While Prime Intellect gained attention for distributed training of INTELLECT-1-a 10 billion parameter model trained across contributors in five countries-its more recent work, including the 106 billion parameter INTELLECT-3, acknowledges that centralized infrastructure remains more efficient for models exceeding 100 billion parameters.
For Trinity Mini and Nano, Prime Intellect provided the orchestration stack, a customized TorchTitan runtime, and a physical compute environment featuring 512 H200 GPUs operating in a bf16 pipeline with high-efficiency HSDP parallelism. It also hosts the 2048 B300 GPU cluster currently training Trinity Large.
This collaboration highlights the distinction between branding and execution: while Prime Intellect’s long-term vision is decentralized compute, its immediate value to Arcee lies in delivering efficient, transparent training infrastructure under U.S. jurisdiction with clear provenance and security controls.
Championing Model Sovereignty in Enterprise AI
Arcee’s commitment to full pretraining reflects a broader conviction that the future of enterprise AI hinges on owning the entire training pipeline-not merely fine-tuning existing models. As AI systems grow more autonomous and adaptive, compliance and control over training objectives will become as critical as raw performance.

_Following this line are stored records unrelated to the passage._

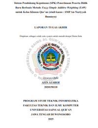 Sistem Pendukung Keputusan (SPK) Penerimaan Peserta Didik Baru Berbasis Metode Fuzzy Simple Additive Weighting (SAW) untuk Kelas Khusus Qur’an (studi kasus : SMP An-Nuriyyah Bumiayu)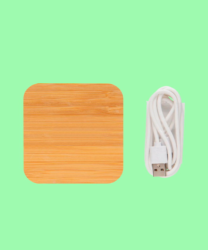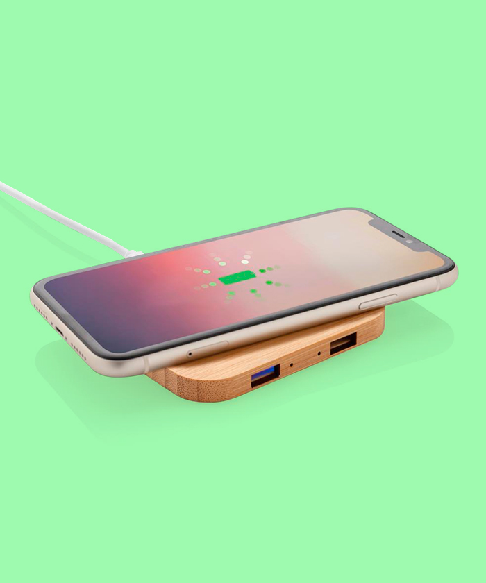 Chargeur sans fil en bambou avec double port USB
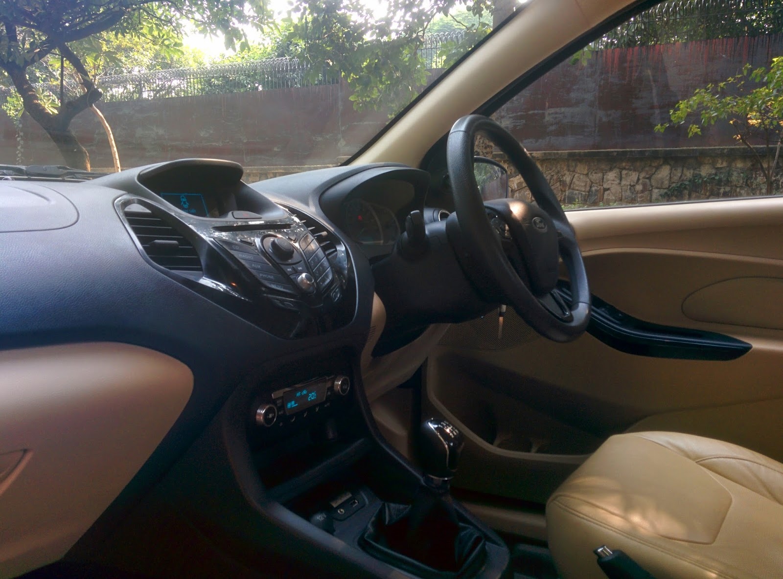 On the inside, the 1.5L TDCi Titanium (Diesel) Figo Aspire comes with dual tone fabric upholstered seats, ample space for four passengers and good cabin insulation that cut out engine noise. There are grab handles for all passengers with integrated coat hooks, vanity mirrors in the front and dual airbags for driver and front passenger. The infotainment screen is missing, and it makes way for a smart phone dock which has an Aux-In and USB port tucked inside. Place your smart phone horizontally and it becomes your infotainment/ navigation screen that displays maps, plays music & makes calls. This variant however, doesn’t have SYNC with voice control.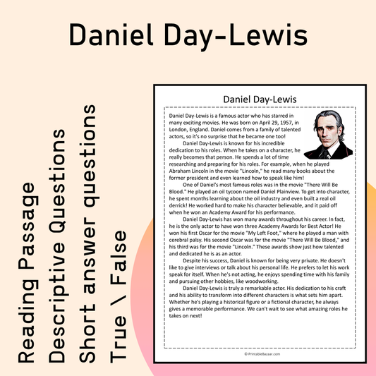 Daniel Day-Lewis | Reading Comprehension Passage Printable Activity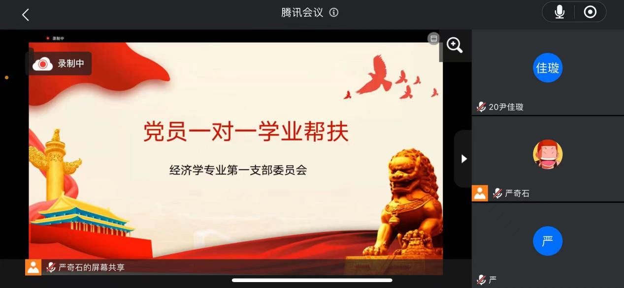 为了充分展现党员干部的综合素质,增强党员的服务意识,帮助学业困难员工,落实党的教育政策。beat365亚洲体育官方网站经济学专业党支部党员于11月8日至11月14日于线上腾讯会议开展此活动,以高度的政治自觉和强烈的使命担当主动开展学业帮扶活动。结合经济学专业的特点,经济学专业党支部组织20、21级党员干部开展相关主题教育活动。 通过开展党员干部结对帮扶学业困难员工。活动的有序开展,达到提高党员队伍思想业务素质的同时,做到不让一个员工掉队,不让一个班级落伍,充分发挥员工各自的潜能,让每个员工得到最大化的人格品质建全,学习行为习惯改善提高,最终达到干部党员素质提高,员工和谐发展的可喜局面。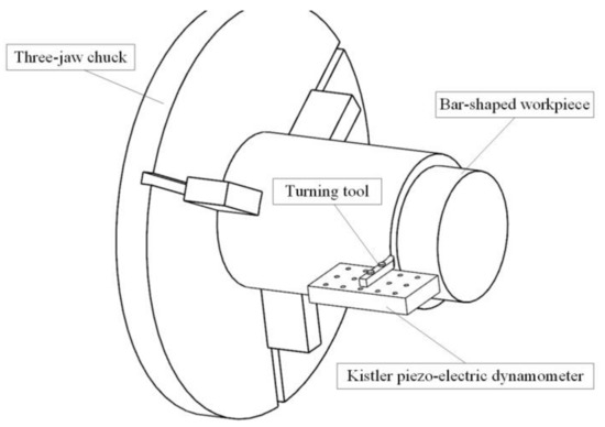 The orthogonal cutting experiments were carried out on a CK7525 CNC Lathe (Bochi Machine Tool Group Co. Ltd., Baoji, China) under dry condition as presented in Figure 2. Bar-shaped workpieces of 140 mm in diameter and 200 mm in length were used, and the cutting forces were measured with a Kistler 9255B dynamometer (Kistler ,Winterthur, Wwitzerland).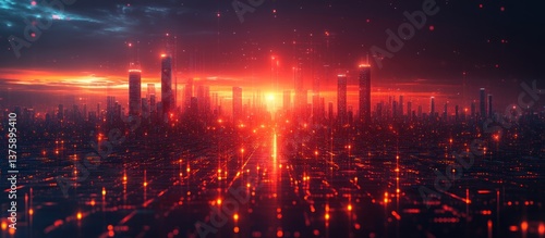 city landscape, futuristic, sunrise, city, skyline, red, light, glow, technology, digital, urban, architecture, amazing, vibrant, glowing, fiery, sunset, night, dawn, light, skyscraper, modern, illustration, virtual, animation, three-dimensional, graphic, design, background, concept, poster, artwork, art, neon, abstract, future, illuminated, panoramic, wallpaper, high technology, aerial view, digital artwork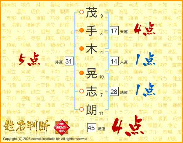 茂(9画)手(4画)木(4画) 晃(10画)志(7画)朗(11画)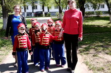 В городе идет подготовка к празднованию 71 годовщины Победы в великой Отечественной войне. Воспитанники старшей группы "Лягушонок" тоже принимают участие в праздничных мероприятиях. Наши "гусары" возвращаются с репетиции.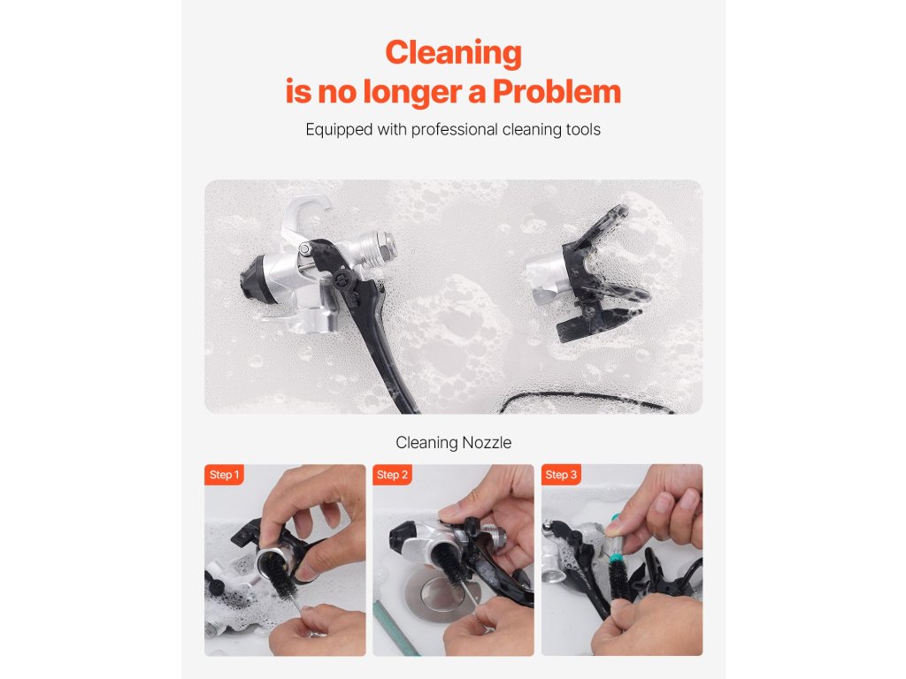A tartósság és az esztétikum érdekében korrózióálló krómkerettel rendelkezik. Airless festékszórónk nagymértékben csökkenti az eltömődés és a szivárgás kockázatát, és környezetbarát, egyenletes festést biztosít. Meghosszabbított rúddal rendelkezik a magasan végzett munkákhoz. Nincs szükség többé erőlködésre vagy mászásra!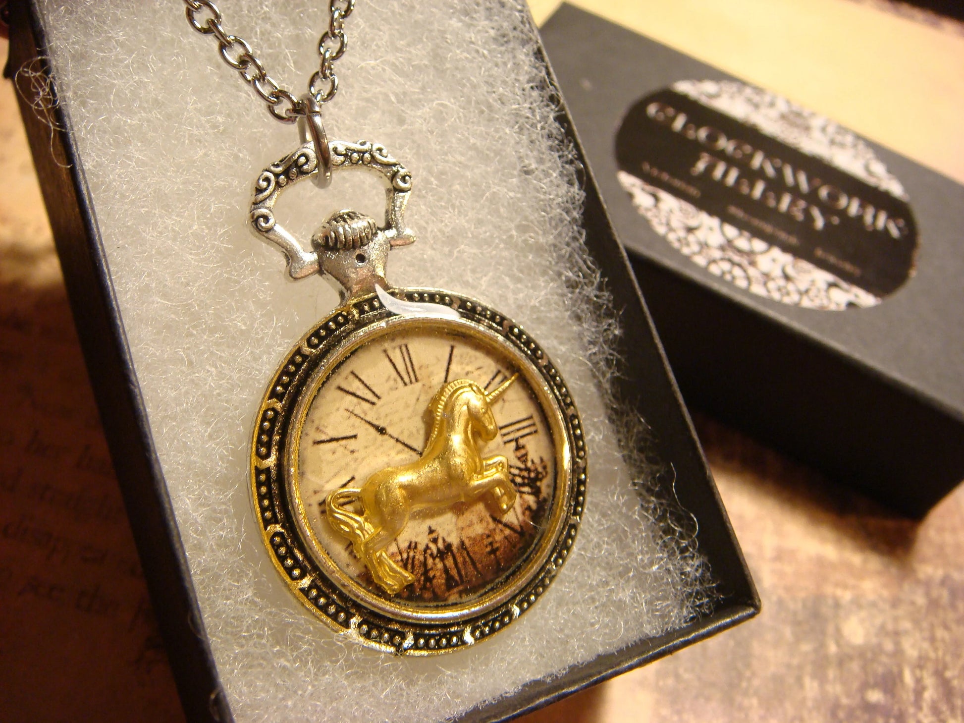 Unicorn over Victorian Clock Pocket Watch Pendant Necklace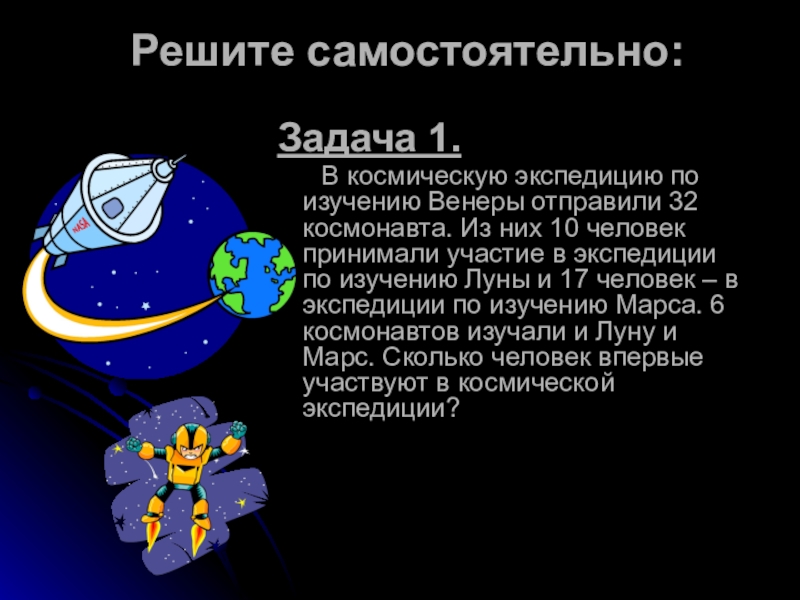 отправили 32 космонавта. Из них 10 человек принимали участие в экспедиции по изучению Луны и 17 человек – в экспедиции по изучению Марса. 6 космонавтов изучали и Луну и Марс. Сколько человек впервые участвуют в космической экспедиции?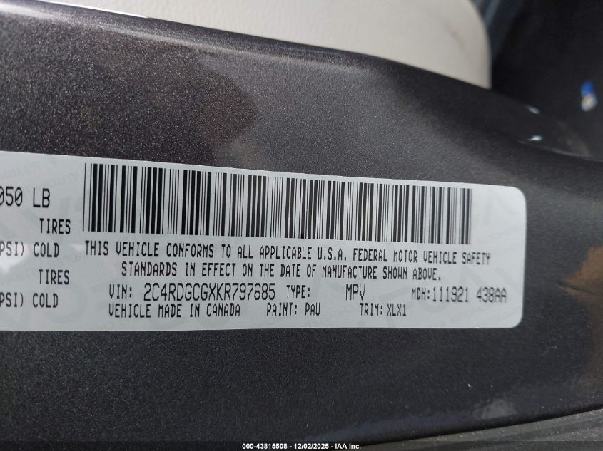 2019 DODGE GRAND CARAVAN 2019 року Бензин, 3.6, Передній привід, vin - 2C4RDGCGXKR797685 з США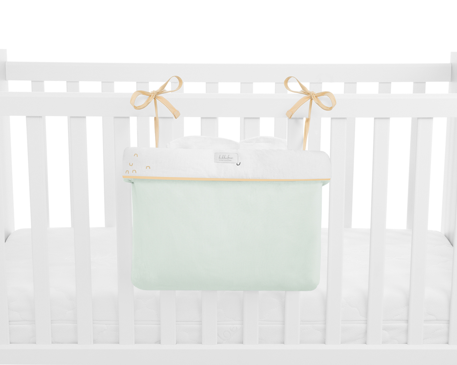 Луксозен кош за памперси с връзки, изработен от висококачествени памучни материи;
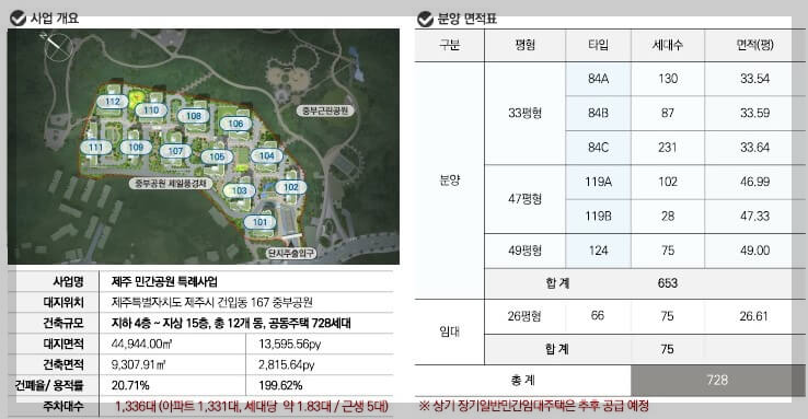 임대 66 75세대/ 분양 84/119/124타입 653 새 대 총 728세대 공급예정

“As applications become more sophisticated, the line between ‘model’ and ‘product’ blurs,” Atkins noted in Arcee’s Trinity manifesto. “Building such software requires control over both the model weights and the training process, not just the instruction layer.”
This philosophy distinguishes Trinity from other open-weight initiatives. Rather than modifying third-party base models, Arcee has developed its own-from data curation to deployment infrastructure and optimization algorithms-in partnership with organizations aligned with its vision of openness and sovereignty.
Anticipating the Launch of Trinity Large
Training is underway for Trinity Large, a 420 billion parameter MoE model scaling the AFMoE architecture with an expanded expert set.
The training dataset comprises 20 trillion tokens, evenly split between synthetic data from DatologyAI and carefully curated web data.
Scheduled for release in January 2026, Trinity Large will be accompanied by a comprehensive technical report.
If successful, Trinity Large will stand among the few fully open-weight, U.S.-trained frontier-scale models, positioning Arcee as a formidable contender in the open AI ecosystem at a time when most American LLM projects remain closed or rely on foreign foundations.
Renewed Commitment to U.S.-Based Open Source AI
In an environment where the most advanced open-weight models are increasingly dominated by Chinese research institutions, Arcee’s Trinity launch represents a rare and strategic effort to reclaim leadership in transparent, U.S.-controlled model development.
Supported by specialized partners in data and infrastructure and built from the ground up for long-term adaptability, Trinity exemplifies how smaller, lesser-known companies can still drive innovation and push boundaries in an industry trending toward commoditization and productization.
While the ultimate test will be whether Trinity Large can rival better-funded competitors, the early success of Mini and Nano, combined with a robust architectural foundation, suggests Arcee’s core thesis is gaining traction: that model sovereignty-not just scale-will define the next chapter of AI advancement.